Below is simulated cost overrun data for 50 capital programs.

Case #	Overrun
1	100%
2	110%
3	70%
4	140%
5	60%
6	90%
7	90%
8	110%
9	80%
10	90%
11	60%
12	100%
13	50%
14	110%
15	100%
16	110%
17	120%
18	110%
19	140%
20	130%
21	90%
22	100%
23	80%
24	80%
25	60%
26	70%
27	100%
28	80%
29	90%
30	110%
31	110%
32	90%
33	90%
34	100%
35	80%
36	120%
37	90%
38	80%
39	100%
40	80%
41	80%
42	110%
43	110%
44	60%
45	90%
46	140%
47	40%
48	110%
49	120%
50	110%

Then I can find the cumulative probability distribution function from this data.  I need to sort the data from lowest to highest and calculate the appropriate the percentile value for each value.

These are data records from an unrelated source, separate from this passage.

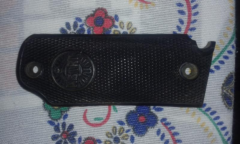 Hola compañeros, he adquirido una preciosa astra 400. Pero me he dado cuenta que una de las cachas fue cambiada en su día y no es la que debería llevar. Siendo esta U arriba y C abajo. Es la cacha de la cara derecha. Si algún forero le ocurre lo mismo o la tiene estaría interesado en cambio o compra e igualmente también busco uno de los tornillos de las cachas ya que uno de ellos no es el original. Adjunto fotos de la cacha que quiero cambiar y de los tornillos. Gracias Esta es la cacha que quiero cambiar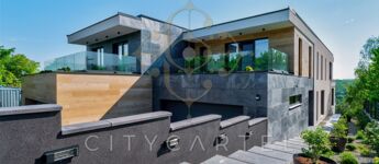 A külső megjelenés minimalista, mégis karakteres: a homlokzatot fekete kőfurnér és fahatású kerámialapok alkotnak elegáns kontrasztot, a rejtett üvegkorlátok pedig még inkább kiemelik a kortárs architektúrát.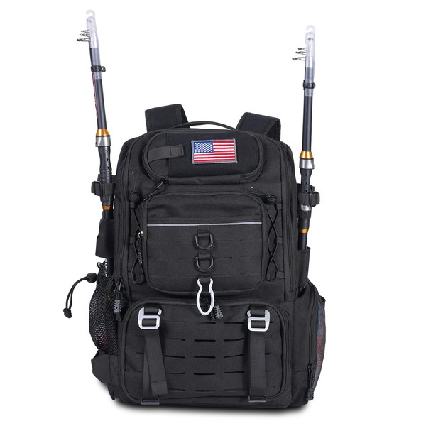 Romatime 37L Fishing Tackle Backpack with Rod Strap, Insulated Outdoor Tackle Bag with Protective Rain Cover, Black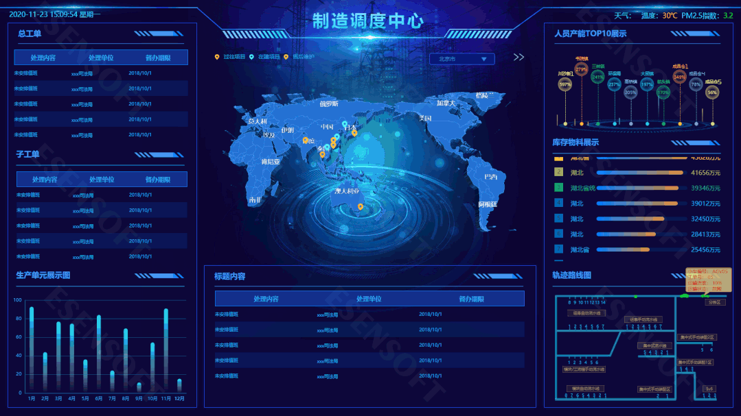 —TOP 4— 制度調(diào)度大屏 最佳分辨率:1920*1080 使用場景:工業(yè)4.0時代,制造業(yè)也開始積極響應(yīng)產(chǎn)業(yè)數(shù)字化的號召,融合大數(shù)據(jù)分析、3D地圖等技術(shù),構(gòu)建體系先進、功能強大、場景豐富的制造調(diào)度指揮系統(tǒng),滿足了生產(chǎn)調(diào)度、應(yīng)急指揮、遠程指揮、綜合決策以及企業(yè)宣傳等多種應(yīng)用場合。 展現(xiàn)邏輯:通過世界地圖一覽在建及歷史項目的運轉(zhuǎn)狀態(tài),方便售后維護;另外對于制造中心內(nèi)的總工單、子工單、物料消耗、人員產(chǎn)能等指標(biāo)進行充分直觀地展現(xiàn)。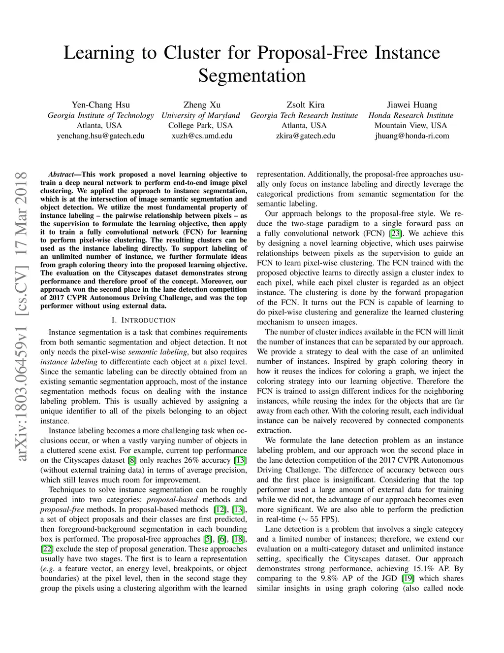 This work proposed a novel learning objective to train a deep neural network to perform end-to-end image pixel clustering. We applied the approach to instance segmentation, which is at the intersection of image semantic segmentation and object detection. We utilize the most fundamental property of instance labeling -- the pairwise relationship between pixels -- as the supervision to formulate the learning objective, then apply it to train a fully convolutional network (FCN) for learning to perform pixel-wise clustering. The resulting clusters can be used as the instance labeling directly. To support labeling of an unlimited number of instance, we further formulate ideas from graph coloring theory into the proposed learning objective. The evaluation on the Cityscapes dataset demonstrates strong performance and therefore proof of the concept. Moreover, our approach won the second place in the lane detection competition of 2017 CVPR Autonomous Driving Challenge, and was the top performer without using external data.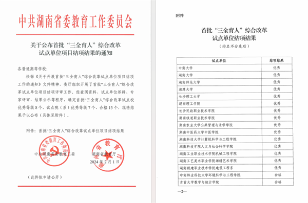 近日,中共湖南省委教育工委、湖南省教育厅印发了《关于公布首批“三全育人”综合改革试点单位项目结项结果的通知》,taptap点点作为湖南省首批“三全育人”综合改革试点高校,顺利通过验收并获评“优秀”等次。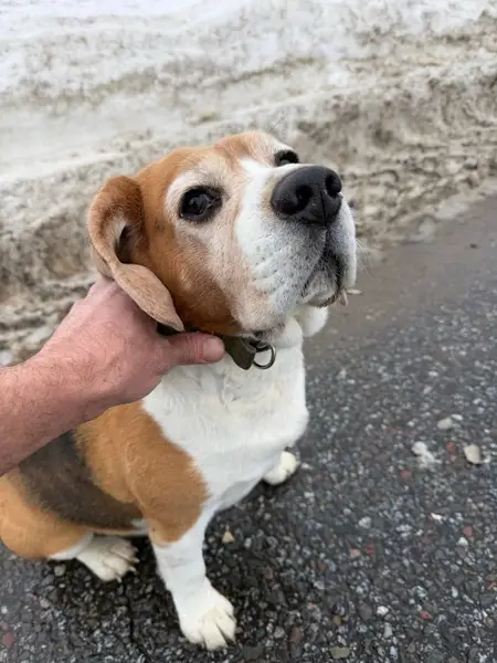Бигль сучка 3,5 года, плотная около 18 кг, в красной шлейке без адресника и клейма. Может быть с ранами в области холки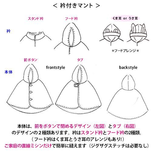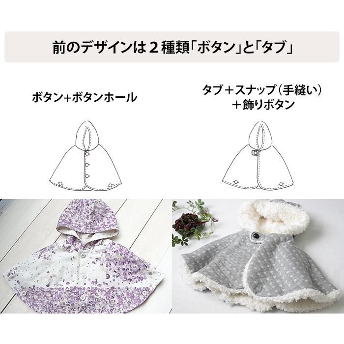 表生地はスムースニット、裏生地はプードルファー、ファー生地は初めてで、しかも毛足が1.5cmと結構長いので難しかったです。熊のボタンは飾りにして、タブと身頃を縫い付けのスナップボタンで止めるようにしました。裁断の段階で質問させてもらい、早々とご親切な回答を頂きありがとうございました。説明書もわかりやすく、お陰様で満足のいくマントができました。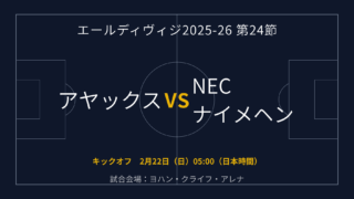 エールディヴィジ2025-26第25節の試合日程・結果や配信情報を紹介するとともに、日本人選手の注目ポイントや試合の見どころを整理します。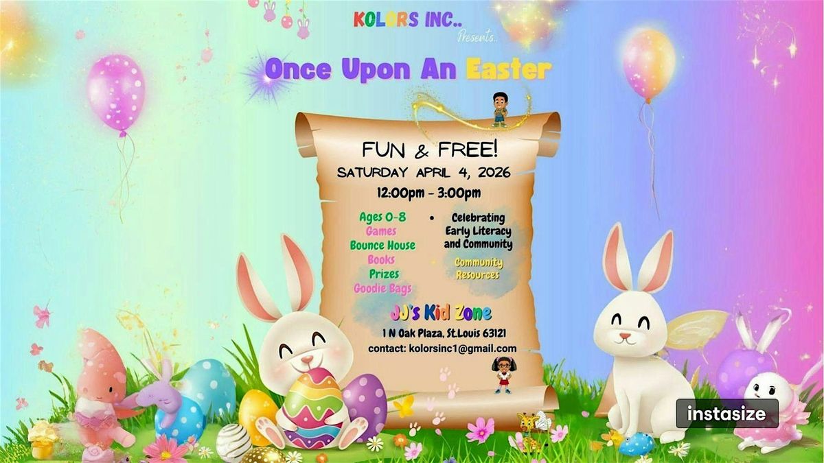 Welcome to Once Upon An Easter! Join Kolors Inc., an organization dedicated to promoting early literacy through community outreach, for a fun-filled Easter event. Kids ages 0-8 can enjoy games, a bounce house, prizes, books, goodie bags, and much more. Bring your little ones for an afternoon of egg-citement and special moments. Everyone is guaranteed to have a hoppy time! Don't miss this free and festive event.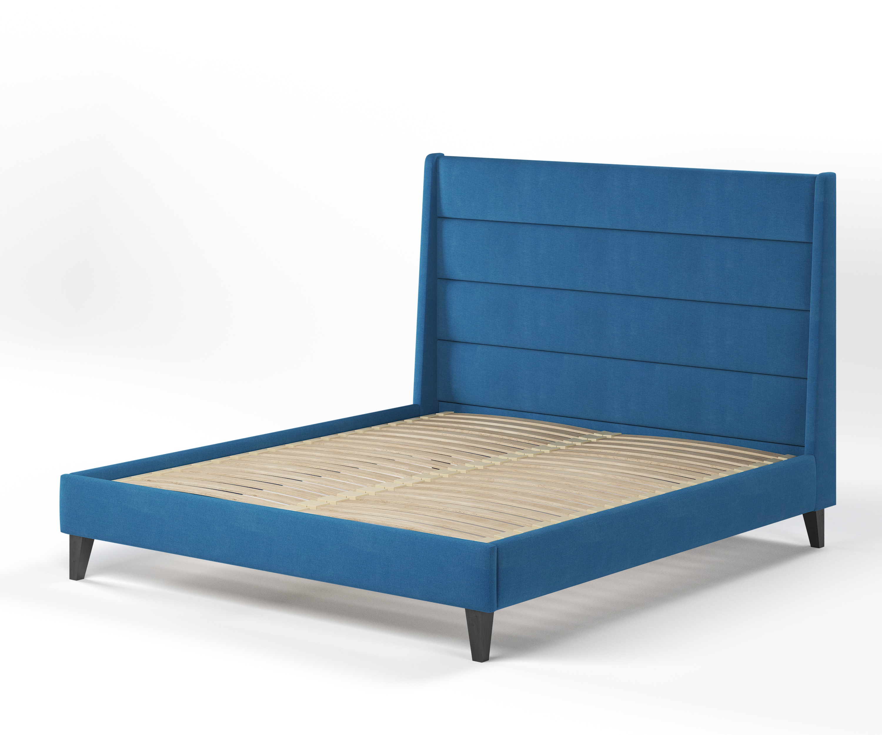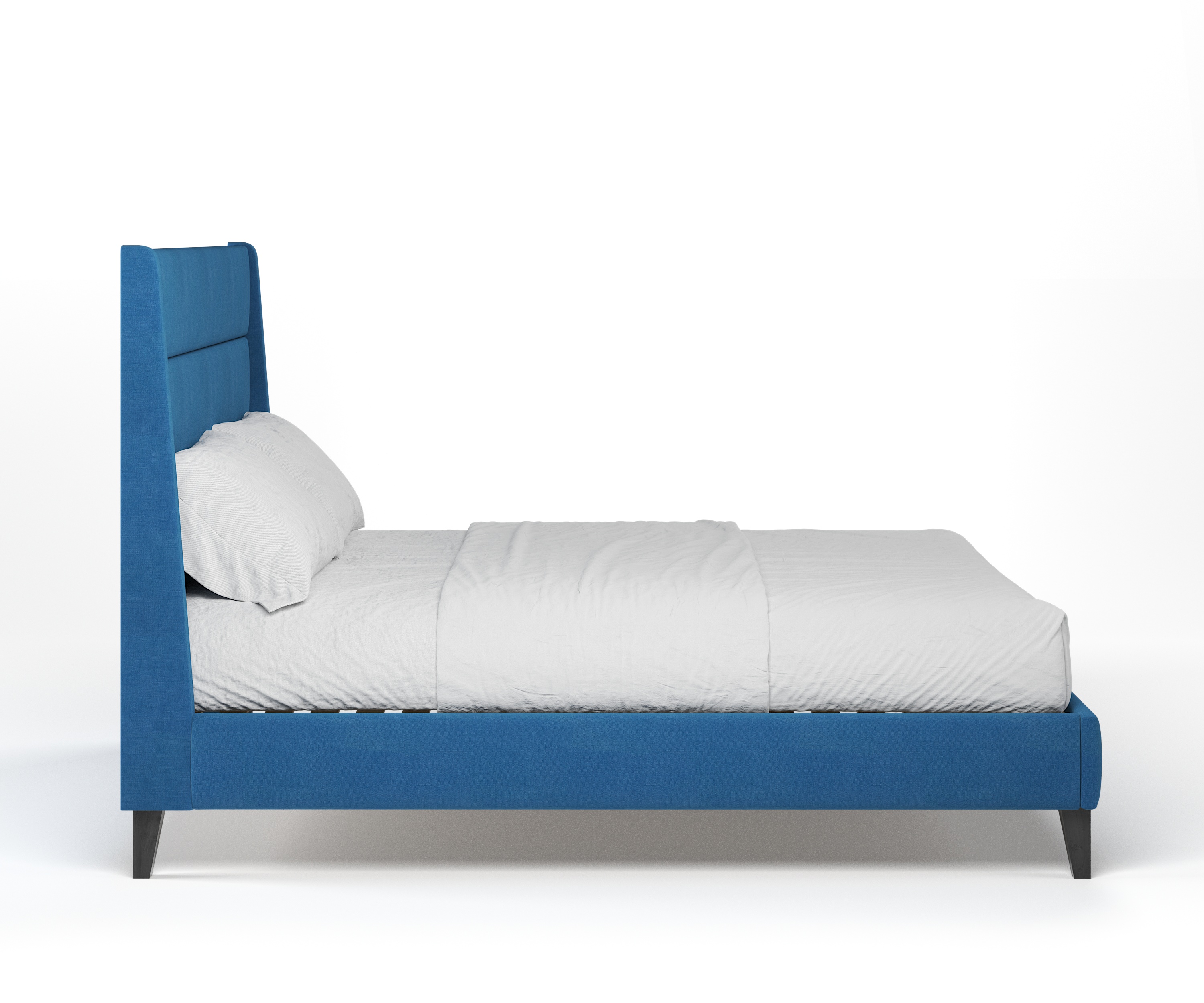 The Bath bed has a winged headboard with a horizontal fluting detail. The plinth and legs are made of timber, shown here in blackened walnut.

Below is a table showing the cumulative probability results for this sample.

Overrun	Percentile
40%	2%
50%	4%
60%	6%
60%	8%
60%	10%
60%	12%
70%	14%
70%	16%
80%	18%
80%	20%
80%	22%
80%	24%
80%	25%
80%	27%
80%	29%
80%	31%
90%	33%
90%	35%
90%	37%
90%	39%
90%	41%
90%	43%
90%	45%
90%	47%
90%	49%
100%	51%
100%	53%
100%	55%
100%	57%
100%	59%
100%	61%
100%	63%
110%	65%
110%	67%
110%	69%
110%	71%
110%	73%
110%	75%
110%	76%
110%	78%
110%	80%
110%	82%
110%	84%
120%	86%
120%	88%
120%	90%
130%	92%
140%	94%
140%	96%
140%	98%

Then I produce a smooth curve of the cost overrun versus the percentile.  See the table and graph below.

Overrun	Percentile
40%	2%
50%	4%
60%	9%
70%	15%
80%	25%
90%	41%
100%	57%
110%	75%
120%	88%
130%	92%

 

 

From this graph, I can use the cumulative percentage value on the vertical axis to lookup a cost overrun value on the horizontal axis.  In this way, I can estimate the probability of an actual cost overrun being less than or equal to a particular overrun value.  For example, 25% of the time the actual cost overrun will be less than or equal to 80% of the initial estimate, 50% of the time the actual cost overrun will be less than or equal 100%, and 90% of the time the actual cost overrun will be less than or equal to 125%.

An easier way to interrupt these results is by using the inverse of this function which I found by linear interpolation.  In this case, I can provide a confidence level that a particular contingency cost will cover the expected cost overrun.  See table and graph below for the inverse function.

Confidence Level	Contingency Cost
10%	62%
20%	75%
30%	83%
40%	89%
50%	96%
60%	102%
70%	107%
80%	114%
90%	125%

Thus, using this graph, if I wanted to be 90% confident that I covered the expected cost overrun, I would need to have a contingency cost of 125%.  A contingency cost of 60% would only provide 10% confidence of covering the expected cost overrun.